500 swimmers met up to open the 2014 open water season in the city of San Pedro, with a three-kilometre and an eight-kilometre race.


 imagen By Verónica Morano | view profile

The 2014-2015 open water season officially began on Sunday, November 23rd in San Pedro, with a touch of change regarding the usual yearly opening in Baradero. This year, the plentiful and intense rain did not only spoil the opening season of the traditional aquatic marathon in Baradero, but also grievously damaged the area and its people. Fortunately, we – the swimmers – sought a way to get even with a brilliant sunny day in the city well known for her beautiful riverbanks on the Paraná as well as for her deliciously juicy oranges.
The administrative organization ran without mishap and with absolute swiftness. Within few minutes, we had our numbers tattoed on both arms and were given the kit bags which were alphabetically ordered and neatly placed on the wall.
Under the intense sun, the pep talk gathered us all the eight-kilometre open water swimming participants while we were finishing to spread suncream and vaseline on the whole body.


The buses, which took us to the takeoff, were promptly parked outside theYatch Club venue. The sampedrinos (name used to address the local people) still do not get used to seeing a landscape of half-nacked men and women popping out of the bus windows on their way to the camping-site for the takeoff. The first theme “sung in tune” by the most passionate supporters to encourage the swimmers was the national anthem in its already classic vocalized version “oooo oooooooooo”, which is usually heard to cheer the national teams in Argentina.
When we arrive at the stream which flows into the San Pedro Gill, the boats, the lifeguards and the small vessels were ready to accompany us all the way down. Then, it was the swimmers´turn. The most respectful ones usually listen to the organizer´s instructions attentively although there is never any shortage of rushed ones whose cap tightness impairs their sense of hearing.
It is invaluable to swim knowing that you are surrounded by security measures, which should be the first point to consider in such a sport competition.
In spite of the fact that a bus had a puncture – a sort of stroke of bad luck which could have been avoided with a previous vehicle service – and the fact that it delayed the takeoff a little, the siren was blown and off we went: all in search for the current which flows downstream along the middle and eases the effort of the body. Except for some camalotes (aquatic plant) along the way, the river was friendly and cool, as usual.
After the raging initial struggle to position and to find a place in the river, you have time to take your mind off and to get focused.
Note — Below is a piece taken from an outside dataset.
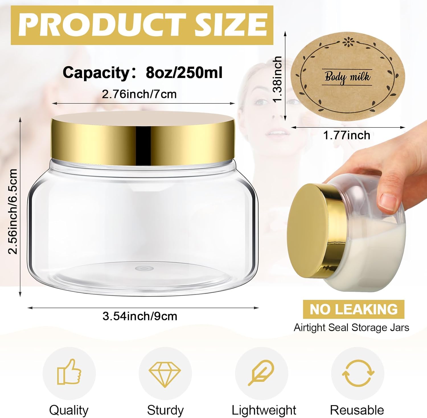 Suitable Size: the size of lotion jars with lids is about 3.5 x 2.44 inches/ 8.9 x 6.2 cm, about 8 oz in capacity, portable and compact, can be easily put into your cosmetic bag or luggage; They don’t take up too much space, small and lovely, convenient for your daily application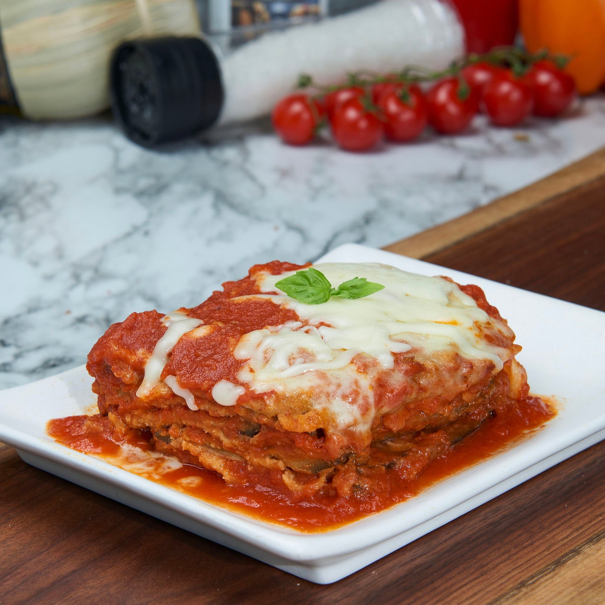 Our Breaded Eggplant Parmigiana is made with thick slices of eggplant lightly dipped in breadcrumbs and parmesan and then oven-baked to golden perfection. Enjoy the crunchy texture and savory flavor in every bite!

With your head facing the bottom, your arms pushing and your legs pounding strongly, there flows a natural connection with the environment – not even a cow I found! – with the rest of the swimmers and with one´s self. Beyond some repetitive chorus which flows like a broken record of some movie soundtrack, thoughts flow on board. That is how one remembers the loved ones – it is comforting to know that my sons will be waiting for me - each crack of dawn challenging our mood and the energy devoted to training, the pertinent instructions of the coach, familiar faces, and even work issues, some business trip, unsent mails…all in a chaotic yet free line of thought.
In the meantime, I performed a body scan to check its state. I was beginning to feel the effort of each muscle in my arms and back – above all, when I took note that I had won and lost a volleyball match against my eldest son the previous day – an absolute fun which I had not evaluated promptly as a sign of carelessness.
The first sense to be severely impaired by the rhythm was the smell. An intense scent of a well-done chorizo (similar to a spicy pork sausage) invaded my nose and automatically got to the brain. That activated the circuit which fuels each step of the race: my mind read the nearness of neighbouring campsites jampacked with people getting together over an asado (somewhat similar to a barbecue) as being close to civilization, time to speed up. I changed into fourth gear, checked my bunch of mates, looked for each cap travelling near me to spot the bubble-gum pink one, which was now ahead of me, and the blue and black ones on the sides – references which you want to share impressions with at the end of the race, but get lost in the racket and relaxation upon arrival. I headed for the young woman in pink cap - who had gotten past me – until I spotted the warship on the right riverbank, one kilometre away from the local Yacht Club.
The last stretch is swum on a static and freezing-cold stream involving a somehow greater effort to begin with the final sprint. There comes the mayhem again, there returns the nerves, the happiness for being closer, the final exhaustion, all mixed to flow neatly into the arrival tunnel.
Displayed on tables were the oranges and peaches cut in pieces and easy to sink your teeth into – which were voraciously eaten after such big effort. Some shadow, some relaxation, a good bath, a nice chat, the fondness of our friends and beloved ones is what makes us get back on track.
Once more, I feel joyful for having been able to meet the challenge. I cannot help thinking about how long I will be doing this. It is then when I deeply appreciate the physical integrity, the pleasure of a sport, healthy competition, and also when I thoroughly take note of the effort made by those suffering from motor disability who end up shaping a personality of struggle, courage and determination. Or when I see a role model shaped in a seventy-seven-year-old man who takes part in such a challenge and receives a warm applause from the competitors and I show my deepest admiration.